KEY POINTS:
The Royal New Zealand Ballet has set the cat among the cygnets with its latest production, Swan Lake.
Not only has it been implicated in the cancellation of a planned tour by a Russian company, but the choreographer has also been accused of "rewriting history".
The company is halfway through its current season, an eight-city national tour of Swan Lake. Reviews have been largely positive.
However, ballet super-fan Rhonda Snelgar has taken the show's veteran choreographer Russell Kerr to task over his handling of the penultimate scene, where the heroine Odette/Odile and her man Prince Siegfried traditionally drown themselves.
Snelgar, who has seen every New Zealand Ballet production in the past 20 years, said she was appalled by Kerr's "happy ending" in the version she saw last Saturday. He had rewritten one of the most famous ballets in theatrical history, she said.
"Swan Lake is a beautiful, tragic story of magic, love, deceit and ultimately the death of Odette. It is her death scene that draws the theatregoers. Yet for some reason his scene has a happy ending [with] Odette and the Prince running off into the sunset."
Past versions of Swan Lake by the company had been true to the seminal 19th century performance by Lev Ivanov and Marious Petipa, Snelgar said.
"You go expecting to see the Swan Lake you know. Pretty much the entire audience in the first four or five rows were like 'what?' "

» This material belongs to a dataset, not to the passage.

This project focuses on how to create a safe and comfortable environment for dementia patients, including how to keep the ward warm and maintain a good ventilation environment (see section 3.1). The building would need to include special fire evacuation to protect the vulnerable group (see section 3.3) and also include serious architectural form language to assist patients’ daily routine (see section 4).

But Kerr said while a happy ending (first introduced during Stalinist rule) was often used as an alternative, his finale followed the original "as closely as possible". The Auckland audience may have interpreted the use of a spotlight to indicate sunrise wrongly, he said. "Unusually we don't always bring that in. But it's not sunset. It is daybreak, the time when the swans become maidens again."
The controversy doesn't stop with the ending, however.

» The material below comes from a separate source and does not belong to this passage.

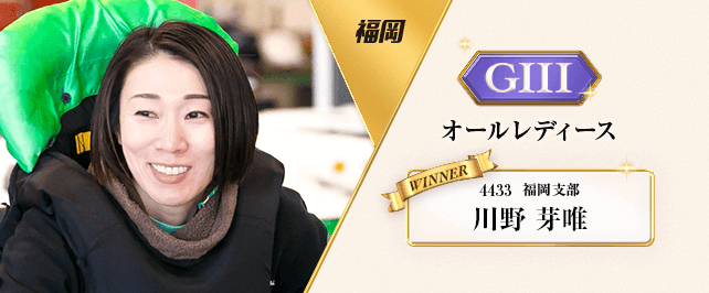 渡邉がシリーズ序盤に3連勝を決めたが、川野が素早く猛追。予選8走を5勝、2着2回、4着1回にまとめた川野が、トップ通過した。迎えた準優12R、優勝戦とも、2番手スタートから巧みに逃げ切った。15年12月のクイーンズクライマックス以来、2回目の福岡優勝にもなった。今年の女子賞金は5位へ浮上。なお、次走は3月18日からの大村男女混合シリーズに出場する予定。

The RNZB's production was to have been followed next month by a tour of the same ballet by the St Petersburg-based Konstantin Tachkin theatre dancers.
The troupe had also planned to perform Giselle, a ballet toured by the New Zealanders just six months ago. But last week the Russians cancelled, citing the conflicting schedules and a jingoistic advertising campaign, for poor ticket sales. Promotional material for the RNZB had invited audiences to "support your native birds".
Tachkin producer Andrew Guild was hopping mad: "What does that signal? Don't go to see the Russians? I would have thought RNZB could have tolerated a visiting company of repute."
He said he was made aware of the double-up only during the booking process - Tachkin was to have toured following a season in South Africa - and had met local organisers to discuss it. However neither side was willing to alter their plans.
"I chose not to ambush RNZB. The last visit by Tachkin attracted close to 70,000 sales. I believe that's a lot more tickets than the New Zealand ballet sold... My belief was that there would have been enough people to choose one or the other, but we all tend to forget that [it] is a tiny country."
Amanda Skoog, RNZB's general manager, said its show schedule was done three years in advance. Guild's decision to tour Swan Lake straight after the New Zealand run had come "like a bolt straight out of the blue".
"He knew we were doing Swan Lake, and he knew we had just done Giselle. It was his call."
She denied the promotion was designed to shoot down the Russians, saying it alluded to the competitive international market and the need to build a strong, local support base.
"We are very dependent on that. The income from the box office is crucial to our survival," Skoog said.
Swan Lake plays in Dunedin from Thursday.